* _SOURCE DATA_
───
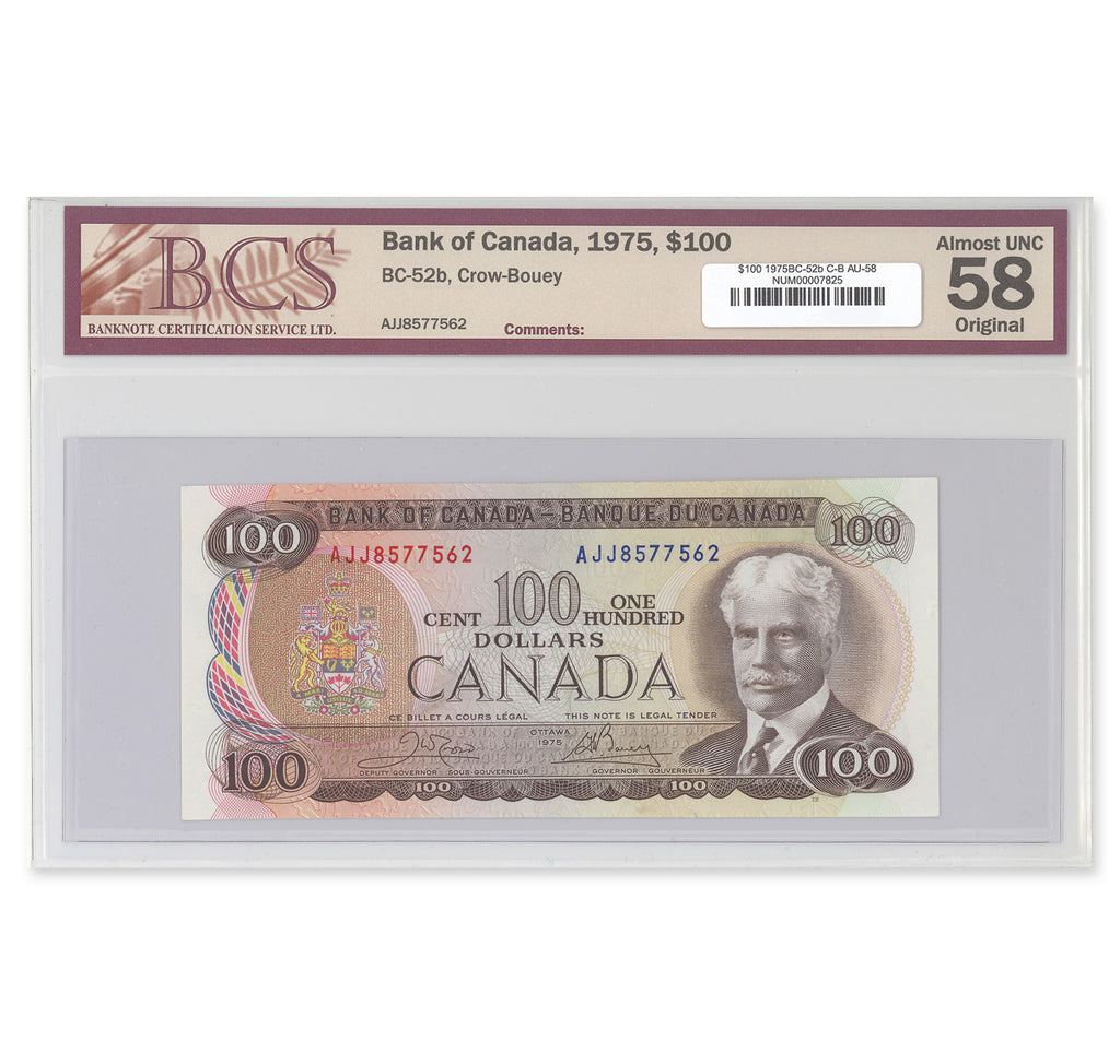 $100 1975 BC-52b Crow-Bouey Prefix AJJ BCS AU-58
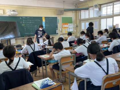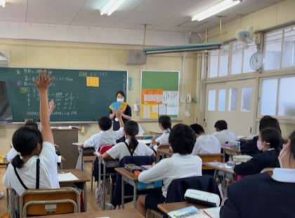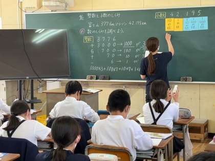 富士山の標高3776m、マラソンコース42.195kmといった数字を位ごとに分解して、整数と小数のしくみについて考えていきました。みんな積極的に手が上げています。
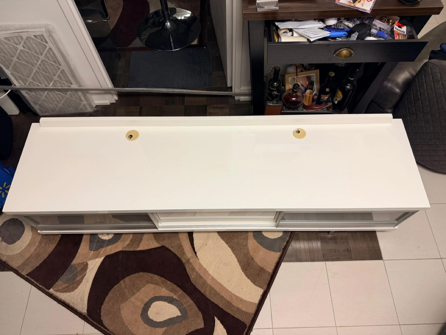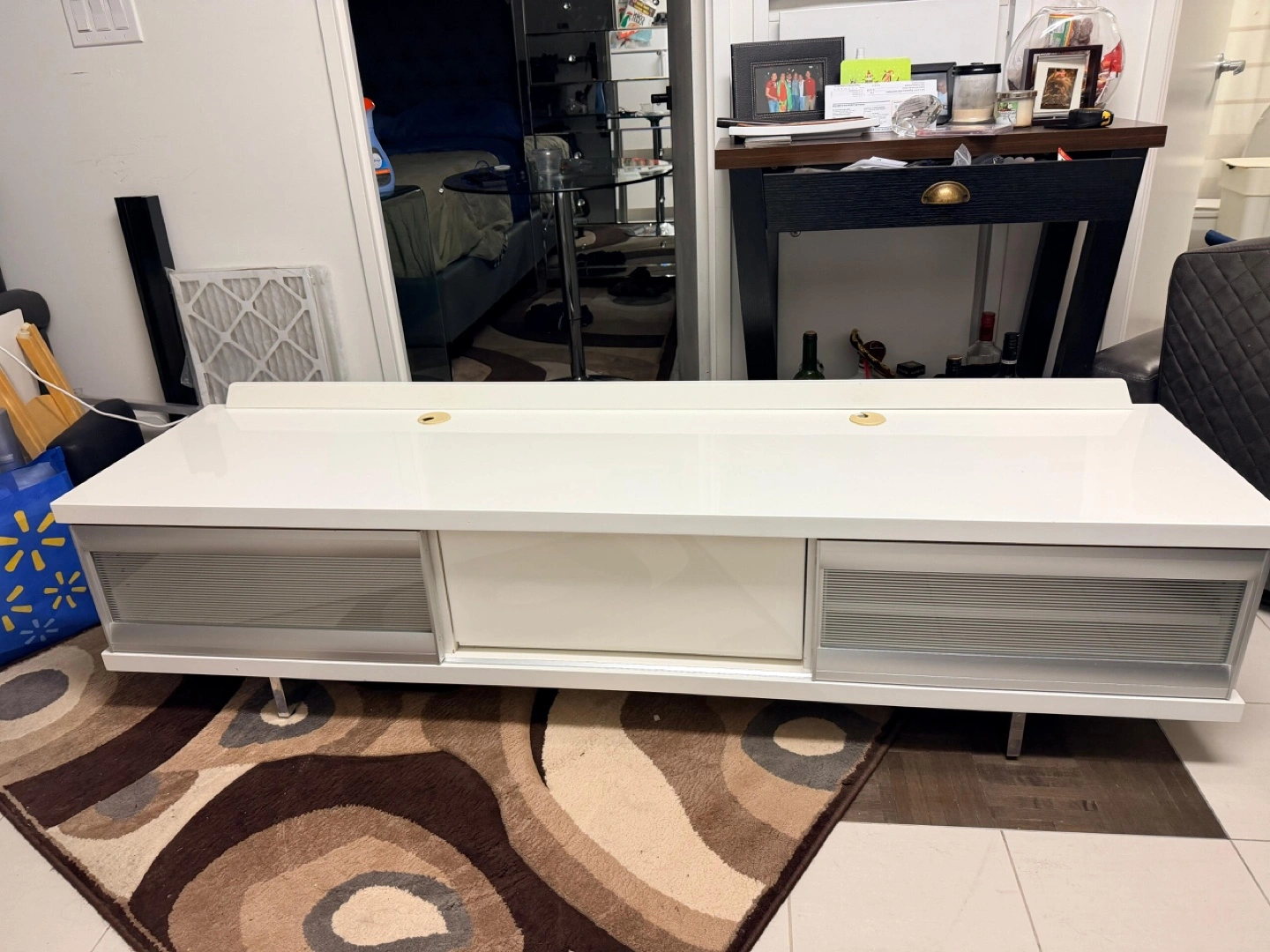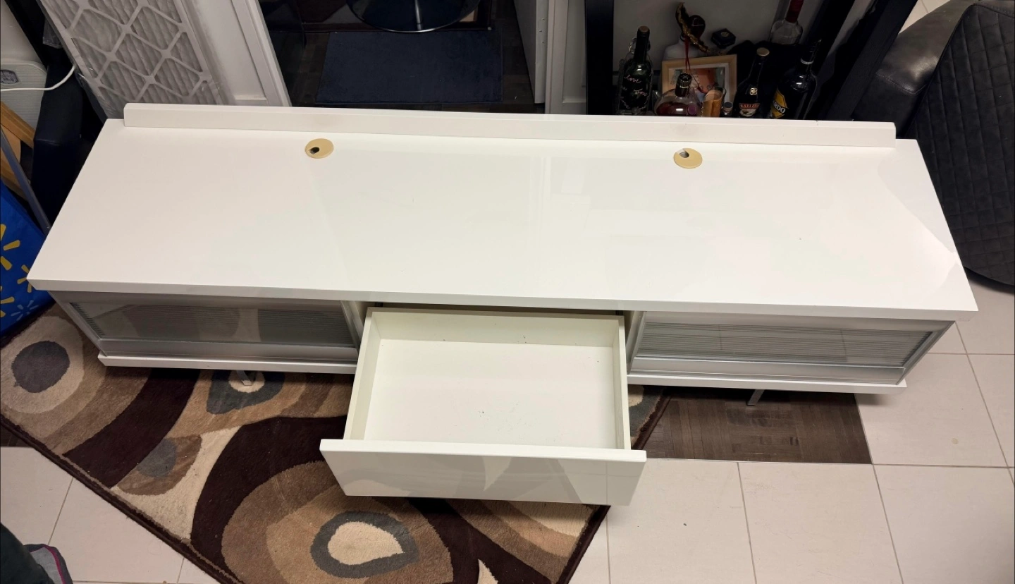 Selling a white TV stand that's in good condition. It features drawers for storage and a sleek design. Perfect for your living room setup!
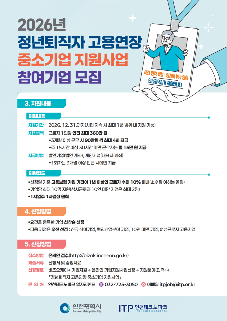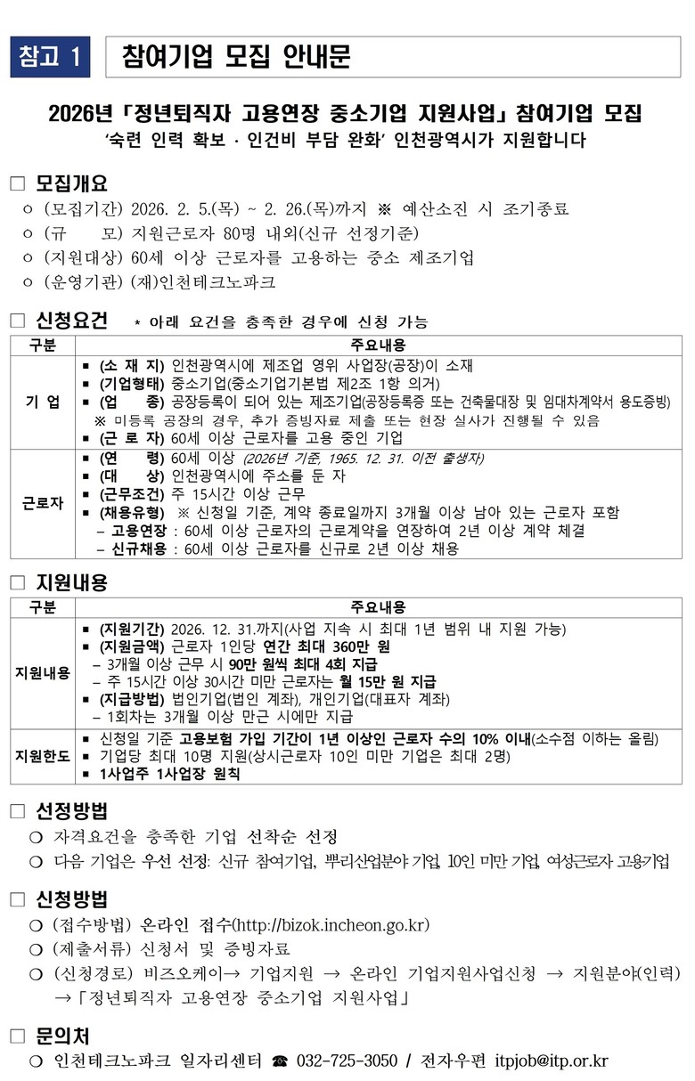 인천시는 2월 5일부터 2월 26일까지「2026년 정년퇴직자 고용연장 중소기업 지원사업」에 참여할 중소 제조기업을 모집한다고 밝혔다.
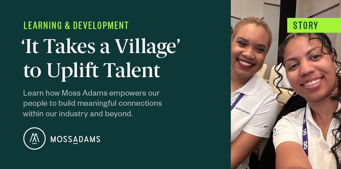 Moss Adams is committed to fostering an inclusive and diverse culture where everyone feels like they belong. This means investing in opportunities for our people to find community and mentorship to support their professional development at our firm and beyond.
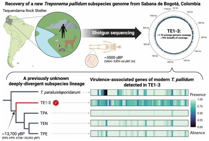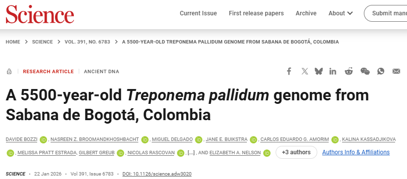 2026年1月22日,美国加州大学、瑞士洛桑大学研究团队在"Science"期刊上发表了一篇题为" A 5500-year-old Treponema pallidum genome from Sabana de Bogotá,Colombia "的研究论文。
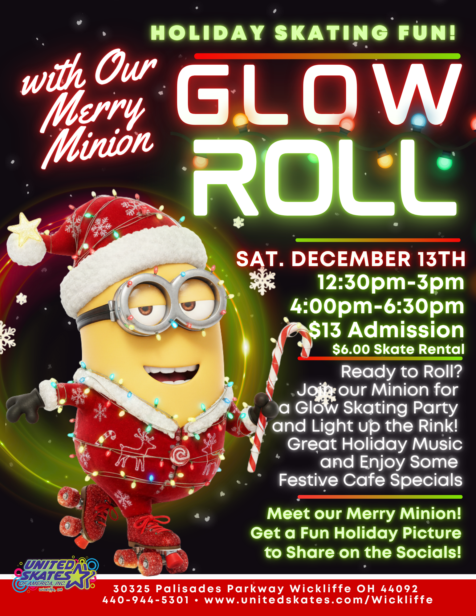 Get ready to GLOW and GO BANANAS with your favorite Minion! 🍌✨ 📅 Saturday, December 13th🕛 12:30pm–3:00pm & 4:00pm–6:30pm 🎟️ Admission: $13.00🛼 Skate Rental: $6.00💡 FREE Glow Stick with paid admission! Don’t miss this bright, cheerful, and totally MINION-tastic event! 😎💫 🎂 Book your birthday party now and have the Merry Minion join your celebration! Book Here! Save a $1.00! Buy your tickets online! BUY HERE!
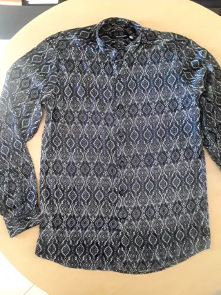 Camicia da uomo a maniche lunghe con una fantasia geometrica astratta nei toni del blu e del nero. - Fantasia geometrica astratta - Colletto classico Condizioni ottime, mai indossata.
───
* _WHAT THE TASK REQUIRES_
Pictures in the listing above must be skipped; everything else should be copied exactly.

* _RESULT BELOW_
 $100 1975 BC-52b Crow-Bouey Prefix AJJ BCS AU-58
 富士山の標高3776m、マラソンコース42.195kmといった数字を位ごとに分解して、整数と小数のしくみについて考えていきました。みんな積極的に手が上げています。
 Selling a white TV stand that's in good condition. It features drawers for storage and a sleek design. Perfect for your living room setup!
 인천시는 2월 5일부터 2월 26일까지「2026년 정년퇴직자 고용연장 중소기업 지원사업」에 참여할 중소 제조기업을 모집한다고 밝혔다.
 Moss Adams is committed to fostering an inclusive and diverse culture where everyone feels like they belong. This means investing in opportunities for our people to find community and mentorship to support their professional development at our firm and beyond.
 2026年1月22日,美国加州大学、瑞士洛桑大学研究团队在"Science"期刊上发表了一篇题为" A 5500-year-old Treponema pallidum genome from Sabana de Bogotá,Colombia "的研究论文。
 Get ready to GLOW and GO BANANAS with your favorite Minion! 🍌✨ 📅 Saturday, December 13th🕛 12:30pm–3:00pm & 4:00pm–6:30pm 🎟️ Admission: $13.00🛼 Skate Rental: $6.00💡 FREE Glow Stick with paid admission! Don’t miss this bright, cheerful, and totally MINION-tastic event! 😎💫 🎂 Book your birthday party now and have the Merry Minion join your celebration! Book Here! Save a $1.00! Buy your tickets online! BUY HERE!
 Camicia da uomo a maniche lunghe con una fantasia geometrica astratta nei toni del blu e del nero. - Fantasia geometrica astratta - Colletto classico Condizioni ottime, mai indossata.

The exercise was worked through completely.